**Work instruction**
What is needed is an exact transcription of the listing, with the images removed.

**Collected material**

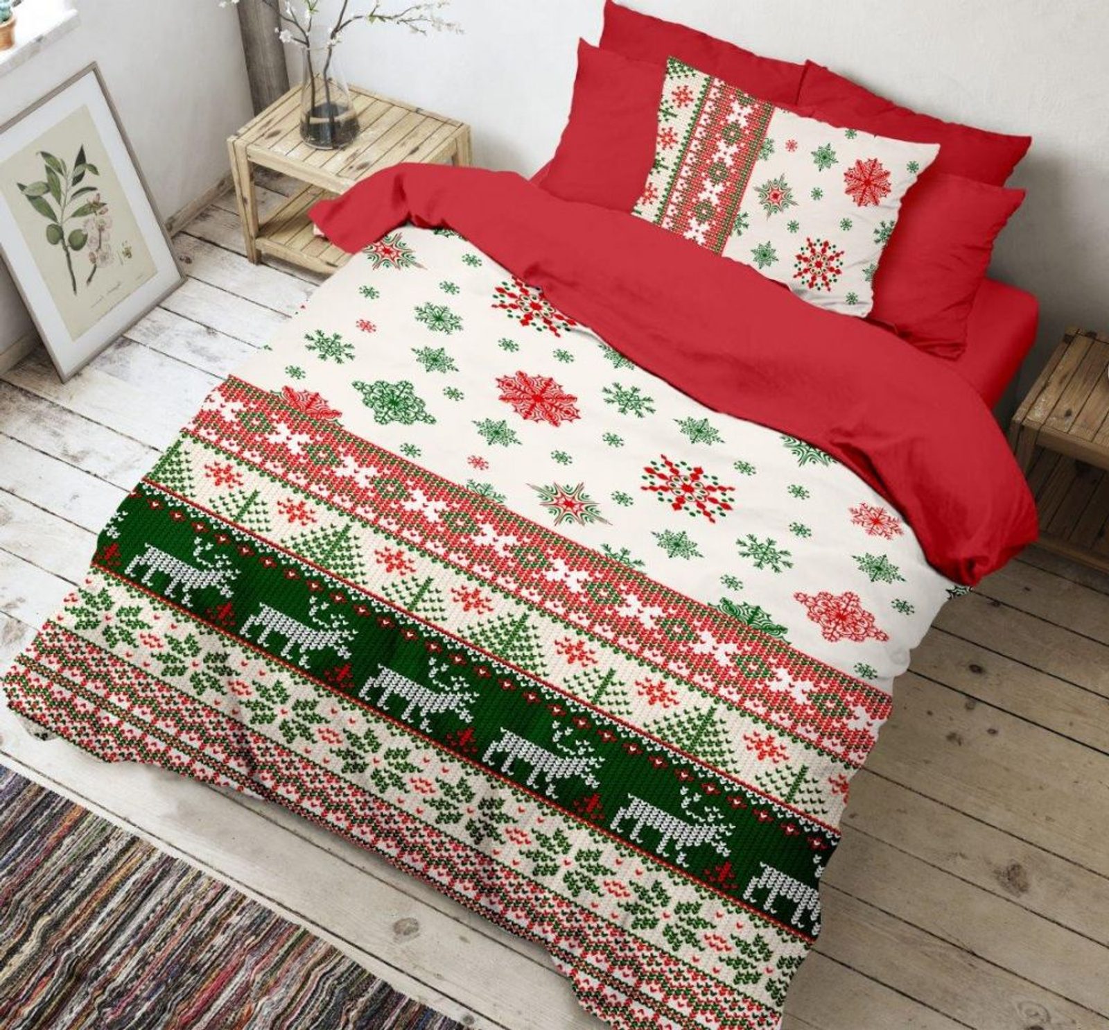 Barva povlečení: horní strana (motiv) bílá, béžová, červená, zelená, spodní strana jednobarevná červená
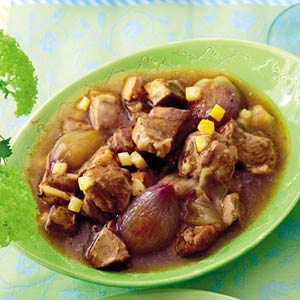 600 gram lamspoulet, 500 gram grote spruiten, 50 gram geweekte parelgort, 1 grote gesnipperde ui, 2 teentjes geperste knoflook, 50 gram boter of margarine, 2 zure moesappels in blokjes gesneden, ½ eetlepel kerrie, ½ theelepel rozemarijn, ½ theelepel tijm,¼ theelepel gemalen kummelzaad, ½ theelepel gemalen foelie, 2 laurierblaadjes, ¼ theelepel selderijzout, zwarte peper, zout, 2 deciliter rode wijn.
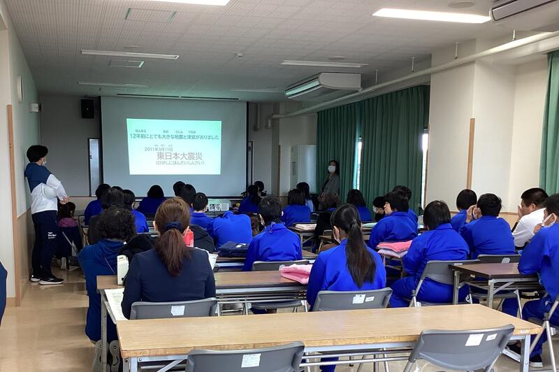 11月24日に避難訓練を行いました。震度6の地震が発生し、間もなく大津波警報を受けたという想定で、児童・生徒は校庭に一次避難しました。その後、校舎4階に二次避難し、中学部、高等部は合同で「地震と津波」についての話を聞きました。

**Task answer**
 Barva povlečení: horní strana (motiv) bílá, béžová, červená, zelená, spodní strana jednobarevná červená
 600 gram lamspoulet, 500 gram grote spruiten, 50 gram geweekte parelgort, 1 grote gesnipperde ui, 2 teentjes geperste knoflook, 50 gram boter of margarine, 2 zure moesappels in blokjes gesneden, ½ eetlepel kerrie, ½ theelepel rozemarijn, ½ theelepel tijm,¼ theelepel gemalen kummelzaad, ½ theelepel gemalen foelie, 2 laurierblaadjes, ¼ theelepel selderijzout, zwarte peper, zout, 2 deciliter rode wijn.
 11月24日に避難訓練を行いました。震度6の地震が発生し、間もなく大津波警報を受けたという想定で、児童・生徒は校庭に一次避難しました。その後、校舎4階に二次避難し、中学部、高等部は合同で「地震と津波」についての話を聞きました。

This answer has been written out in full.